Example 2: Log Curves

from dsis_model_sdk.models.common import LogCurve
from dsis_model_sdk.protobuf import decode_log_curves
from dsis_model_sdk.utils.protobuf_decoders import log_curve_to_dict

# Query for log curves
query = QueryBuilder(
    model_name="OW5000",
    district_id="123",
    project="SNORRE",
).schema(LogCurve).select("log_curve_name,native_uid")
curves = list(client.execute_query(query, max_pages=1))

# Fetch binary data
curve = curves[0]
bulk_query = query.entity(curve["native_uid"])
binary_data = client.get_bulk_data(bulk_query)

if binary_data:
    # Decode
    decoded = decode_log_curves(binary_data)

    print(f"Curve type: {'DEPTH' if decoded.curve_type == decoded.DEPTH else 'TIME'}")
    print(f"Index range: {decoded.index.start_index} to {decoded.index.start_index + decoded.index.number_of_index * decoded.index.increment}")

    # Convert to dict for easier access
    data = log_curve_to_dict(decoded)

    for curve_name, curve_data in data['curves'].items():
        print(f"Curve: {curve_name}")
        print(f"  Unit: {curve_data['unit']}")
        print(f"  Values: {len(curve_data['values'])} samples")

Example 3: Surface Grid Data

Surface grids use the LGCStructure format (Landmark Graphics Corporation tabular structure):

from io import BytesIO
from dsis_model_sdk.protobuf import decode_lgc_structure, LGCStructure_pb2

# Query for grids
query = QueryBuilder(
    model_name="OpenWorksCommonModel",
    district_id="123",
    project="SNORRE",
).schema("SurfaceGrid").select("native_uid,grid_name")
grids = list(client.execute_query(query, cast=True, max_pages=1))

# Fetch binary data (SurfaceGrid uses $value endpoint)
grid = grids[0]
bulk_query = query.entity(grid.native_uid, data_field="$value")
data = client.get_bulk_data(bulk_query, accept="application/octet-stream")

print(f"Downloaded {len(data):,} bytes")

# LGCStructure uses varint length prefix
def read_varint(stream):
    """Read a varint length prefix from stream."""
    shift = 0
    result = 0
    while True:
        byte_data = stream.read(1)
        if not byte_data:
            return 0
        byte = byte_data[0]
        result |= (byte & 0x7F) << shift
        if not (byte & 0x80):
            return result
        shift += 7

# Parse length-prefixed message
stream = BytesIO(data)
size = read_varint(stream)
message_data = stream.read(size)

# Decode
lgc = decode_lgc_structure(message_data)

print(f"Structure name: {lgc.structName}")
print(f"Number of elements: {len(lgc.elements)}")

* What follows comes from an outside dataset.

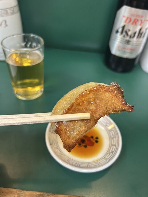 老舗の風格満載の店内はGreen Colorのカウンターで夫婦水入らず先ずはBeerで乾杯してピータンを、おつまみに待ってました〜肉汁たっぷり薄皮餃子それぞれ一人前を酢醤油➕ラ-油で頂き休日の昼飲みバレンタインday美味しく夫婦の会話も弾み次回は Familyで Enjoyしたいおけ以ご馳走様でデス(o^^o)
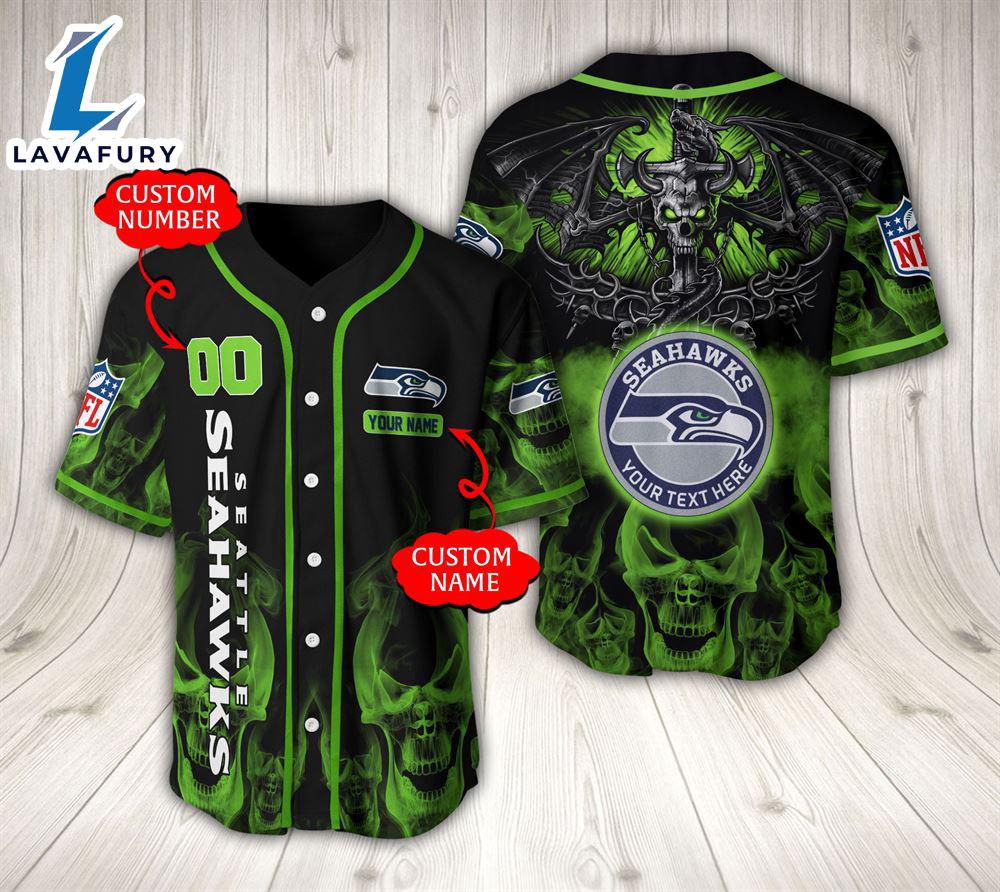 Seattle Seahawks NFL Baseball Jersey Custom Name And Number – Gift For Halloween Stay stylish on and off the field with this premium Baseball Jersey. Crafted from breathable, high-quality fabric, it offers comfort and durability for everyday wear or game day excitement. The classic button-up design and bold team logo make it a must-have for any fan. Perfect for showing off your team pride while staying cool and comfortable!

# Process grid elements (columns/rows)
for i, el in enumerate(lgc.elements[:5]):  # Show first 5
    data_type = LGCStructure_pb2.LGCStructure.LGCElement.DataType.Name(el.dataType)

    if el.dataType == LGCStructure_pb2.LGCStructure.LGCElement.DataType.FLOAT:
        values = el.data_float
    elif el.dataType == LGCStructure_pb2.LGCStructure.LGCElement.DataType.DOUBLE:
        values = el.data_double
    else:
        values = []

    print(f"Element {i}: '{el.elementName}', Type: {data_type}, Values: {len(values):,}")

Important Notes

Request Timeout

Both get_bulk_data() and get_bulk_data_stream() accept an optional timeout parameter to control how long each HTTP request waits:

# Set a 10-minute timeout for large binary downloads
binary_data = client.get_bulk_data(bulk_query, timeout=600)

# Separate connect and read timeouts
for chunk in client.get_bulk_data_stream(bulk_query, timeout=(5, 600)):
    chunks.append(chunk)

timeout=None (default): No timeout — wait indefinitely
timeout=600: Both connect and read timeout set to 600 seconds
timeout=(5, 600): Connect timeout of 5s, read timeout of 600s

For get_bulk_data_stream(), the timeout is not a cap on the full download. It applies to opening the request and to waiting for the next bytes to arrive from the stream. A large transfer can still run longer overall if data keeps arriving before the read timeout expires.

Stream Retries

get_bulk_data_stream() also accepts an optional stream_retries parameter for transient failures that happen while chunks are being read:

for chunk in client.get_bulk_data_stream(
    bulk_query,
    timeout=(5, 600),
    stream_retries=2,
):
    chunks.append(chunk)

stream_retries=0 (default): No retries after a stream read failure
stream_retries=N: Retry up to N times with incremental waits between attempts

Retries reopen the stream and resume after the bytes already yielded, so this should only be used when the endpoint is expected to return the same bytes across reconnects.

Memory Management

Small data (< 100MB): Use get_bulk_data() - simpler, loads everything at once
Large data (> 100MB): Use get_bulk_data_stream() - streams in chunks, memory-efficient

API Endpoints

Standard bulk data: query.entity(native_uid) → /{Schema}('{native_uid}')/data
Surface grids: query.entity(native_uid, data_field="$value") → /{Schema}('{native_uid}')/$value

Accept Header

Most endpoints use the default Accept: application/json header. SurfaceGrid/$value endpoints require accept="application/octet-stream".

Null Values

Missing or no-data values in arrays are often represented as:

-99999.0 for float/double types
Check data documentation for specific sentinel values

Migration from Older Versions

Prior to version 0.5.0, there were separate get_entity_data() and get_entity_data_stream() methods. In version 0.5.0, these were replaced by get_bulk_data() and get_bulk_data_stream() with keyword arguments. Since then, the API has been further simplified to use QueryBuilder.entity():

# OLD (removed in v0.5.0):
binary_data = client.get_entity_data(horizon, schema=HorizonData3D, query=query)

# v0.5.0 (deprecated):
binary_data = client.get_bulk_data(schema=HorizonData3D, native_uid=horizon, query=query)

# NEW (current):
bulk_query = query.entity(horizon.native_uid)
binary_data = client.get_bulk_data(bulk_query)

The new pattern uses QueryBuilder to hold all context (model, district, project, schema, entity) in one place, eliminating the need for separate parameters.